Tailoring the Chirality of Microlaser with Topological Structured Chiral Droplets

TL;DR

This paper demonstrates a method to control the chirality of microlaser emission using topologically structured chiral liquid crystal droplets, enabling tunable chiral light sources for advanced photonic applications.

Contribution

It introduces a novel approach to manipulate laser chirality in microcavities through topological transformations in chiral droplets, supported by theoretical analysis and simulations.

Findings

Topological transformations induce different optical chirality strengths.

Lasing intensity varies significantly with circular polarization excitation.

The method offers a new tool for chiral photonics and molecular detection.

Abstract

The generation of chiral laser emission offers promising opportunities for modern photonic applications and the study of chiral light-mater interactions.

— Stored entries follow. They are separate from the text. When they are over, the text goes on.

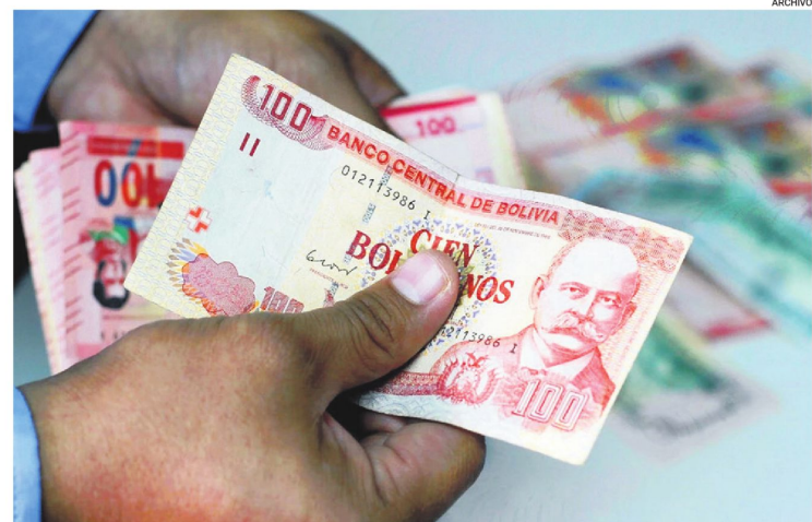
Los microcréditos lideran la cartera del sistema financiero, seguidos por créditos empresariales.

La actual crisis dejó en evidencia que el problema no es únicamente coyuntural, sino que responde a limitaciones históricas que dificultan garantizar la continuidad productiva.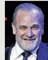
Lluís Homar Director de la Compañía Nacional de Teatro Clásico

Plantear que el pasado, presente y futuro es “ambiguo” y que el pensamiento nos puede llevar donde queramos “sin tener que viajar”, esto es lo que propone con bellas metáforas, en Tótem , un cómic que convierte la vida en un viaje.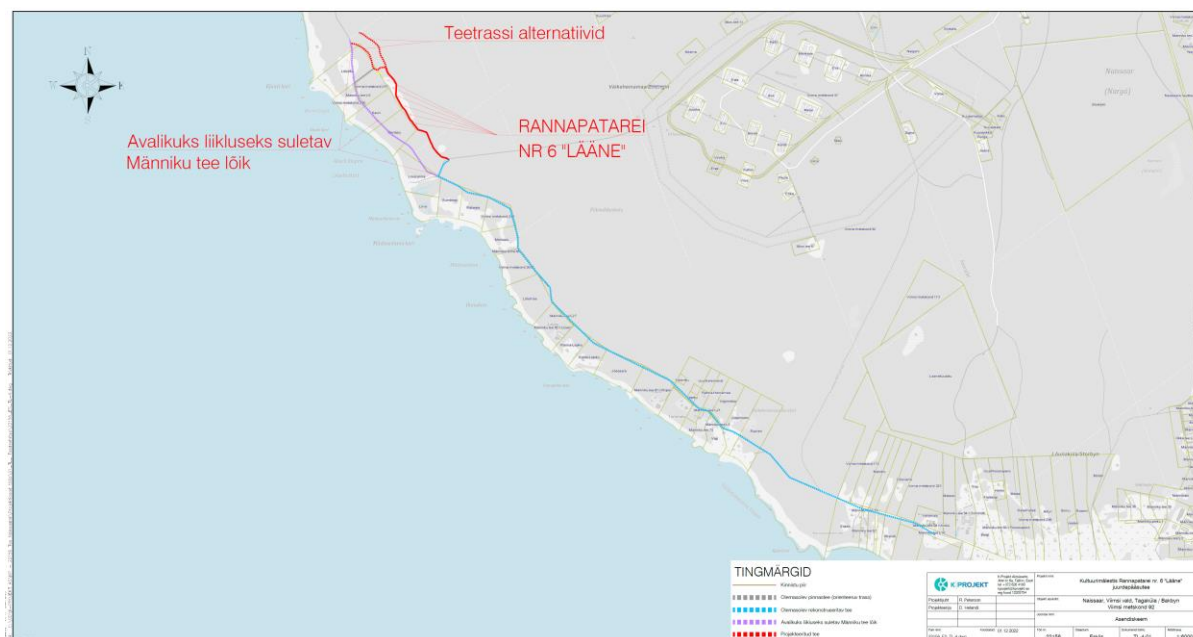
Joonis 1. Projekti asukoht Naissaare edelarannikul.

Käesoleva KMH eelhindangu objektiks on Naissaarel Tagakülas/Bakbyn külas Viimsi metskond 92 maaüksusel (katastriüksus 89001:001:0049) asuvalle kultuurimälestisele Rannapatarei nr. 6 "Lääne" uue juurdepääsutee rajamine. Rannapatarei nr 6 „Lääne“ on aastatel 1912 – 1918 ehitatud Peterburi merekaitse Peeter Suure merekindluse ehitiste osa, vt info välislinkidel: https://register.muinas.ee/public.php?menuID=monument&action=view&id=2642 .

Despite the great process made in recent years, the direct generation of chiral lasers with controllable chirality remains challenging in a microcavity. This study reports a strategy to control the emission chirality of whispering-gallery-mode organic microlasers with topological-structured chiral liquid crystal droplets. The findings suggest that the topological transformations in a microdroplet can induce different optical chirality strength and lasing polarization characteristics. In particular, the role of optical rotatory power was also investigated under linear and circular polarized excitation, where a vast lasing intensity difference between left/right circular polarized excitation was revealed. Theoretical analysis and simulation were carried out to support the significant findings. This study provides a facile tool for manipulating chiral laser emissions in microcavity, giving inspiration for topological-controlled photonics, chiral optical devices, and chiral molecular detection.